So the question is, how much _would_ you accept for your first job? Whatever that number is, that's the market clearing price on a starting salary in philosophy. You could all race each other to the bottom.

Anonymous said...

I think that 9:57 PM is right about this. The only thing I would add is that Dr. Johnston is apparently an english professor which is an oversupplied area. I don't want to claim that academic positions are flowing in money, which of course they are not, but I also wouldn't say that the plight of english faculty are representative of everybody.

Anonymous said...

How about bank managers and the like make too much money! And because of that, the relative value of faculty salaries seems quite small.

Anonymous said...

It's true that the dude's going a little overboard, but I think a charitable reading won't have him denying or ignoring supply and demand.

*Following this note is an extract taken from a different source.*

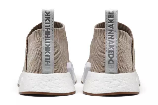 adidas Consortium 在2017 年重磅企划中,邀请来纽约街头品牌 KITH 和 哥本哈根的球鞋店铺 NAKED 进行合作企划,推出了这双最新鞋型 NMD CS2 。作为 NMD City Sock 的第二代鞋款,CS2 延续了无鞋带袜式轮廓,外侧鞋筒则采用了折叠式的不对称设计。CS2 的 Primeknit 鞋身分别以沙色和粉色呈现,中部以带有三线标志的条纹穿过,Ronnie Fieg 和 KITH 的 Logo 以及 NAKED 的标志各自点缀于鞋舌和后跟皮革拉环,并置于省去了外侧前后稳定块的白色和鞋带BOOST 中底之上。

Clearly the claim that profs aren't paid a commensurate wage *only because* parents and administrators don't value their work enough and don't know how much work they do is false.

But we might have good reason to think he's on to something. Consider the increasing reliance on part timers. This could reasonably be taken as evidence that administrators don't value various qualifications enough: education, experience, etc. Perhaps if they did, they'd be less prone to hire (and work to the bone) one part timer after another, some of whom don't even have PhDs. Investing in those with more education and giving them the opportunity to get experience and become better teachers (by giving them permanent positions or chances at them) may be in the interest of the powers that be. Various misunderstandings can obscure that and the dude can be taken, at least in part, to be trying to correct or at least bring to the fore some of those misunderstandings.

More generally, I'm skeptical of simple appeals to supply and demand in this sort of context. Considerations of fairness, prohibitions on exploitation, etc. all seem imoprtant. Most of us don't think that having a minimum wage is unjustified simply because market forces, if left to their own devices, would set wages lower. I think the dude can reasonably be taken to be appealing to considerations of fairness also. Even if market forces are in large part responsible for the wages profs (and college educators more generally) get, that doesn't mean some of them aren't being exploited to some extent. It may not be the worst case of exploitation and, in light of that, we might not be terribly sympathetic. But that doesn't mean exploitation isn't going on and it doesn't mean this dude isn't on to something.

Anonymous said...

Supply-and-demand still works as an economic system of distribution. The problem is that education, or at least a solid liberal arts one that includes philosophy, is not in demand. Not that it's useless, but that a lack of education breeds more people ignorant of the benefits and intrisic value of philosophy...

Anonymous said...

anon 9:30 and mysjkin:

No shit. I thought that was an incredibly whiny-ass article with an obvious answer that el doctor still didn't manage to figure out. Duh.

Anonymous said...

asstro,

So the question is, how much _would_ you accept for your first job? Whatever that number is, that's the market clearing price on a starting salary in philosophy.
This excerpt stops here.